#### What you are asked to do:
From the line containing "This module utilizes" to the last line of the listing, both included, copy every line exactly and drop the pictures.

#### Information shown:
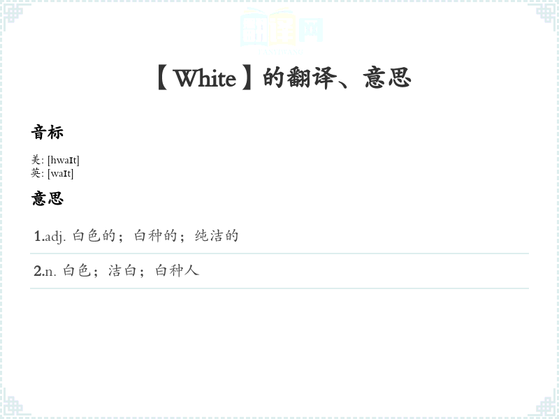 1.adj. 白色的;白种的;纯洁的 2.n. 白色;洁白;白种人
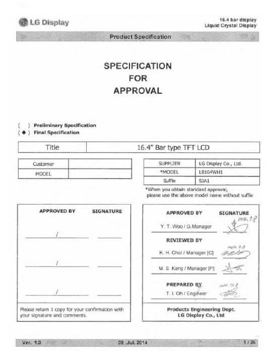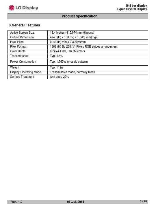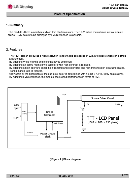 This module utilizes amorphous silicon thin film transistors. The 16.4” active matrix liquid crystal display allows 16.7M colors to be displayed by LVDS interface is available.
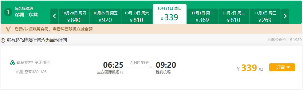 深圳至东营航线由春秋航空执飞

#### Answer for this exercise:
 This module utilizes amorphous silicon thin film transistors. The 16.4” active matrix liquid crystal display allows 16.7M colors to be displayed by LVDS interface is available.
 深圳至东营航线由春秋航空执飞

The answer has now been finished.